*** Opening DATA EXTRACTS ***

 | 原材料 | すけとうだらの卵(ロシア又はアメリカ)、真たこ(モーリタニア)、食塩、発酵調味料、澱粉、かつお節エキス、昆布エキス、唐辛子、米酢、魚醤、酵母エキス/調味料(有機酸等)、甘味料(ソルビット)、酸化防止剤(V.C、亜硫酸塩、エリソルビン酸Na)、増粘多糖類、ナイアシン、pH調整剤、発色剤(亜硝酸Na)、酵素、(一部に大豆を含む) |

*** Closing DATA EXTRACTS ***
*** Opening DATA EXTRACTS ***

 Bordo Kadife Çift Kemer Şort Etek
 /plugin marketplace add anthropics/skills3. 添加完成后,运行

*** Closing DATA EXTRACTS ***

__EXERCISE__. Using the entries above, extract exactly the span from the line with "Bordo Kadife Çift Kemer Şort Etek" to the line with "add anthropics/skills3. 添加完成后,运行", both lines included; leave out everything else.

__SOLVED EXERCISE__.
 Bordo Kadife Çift Kemer Şort Etek
 /plugin marketplace add anthropics/skills3. 添加完成后,运行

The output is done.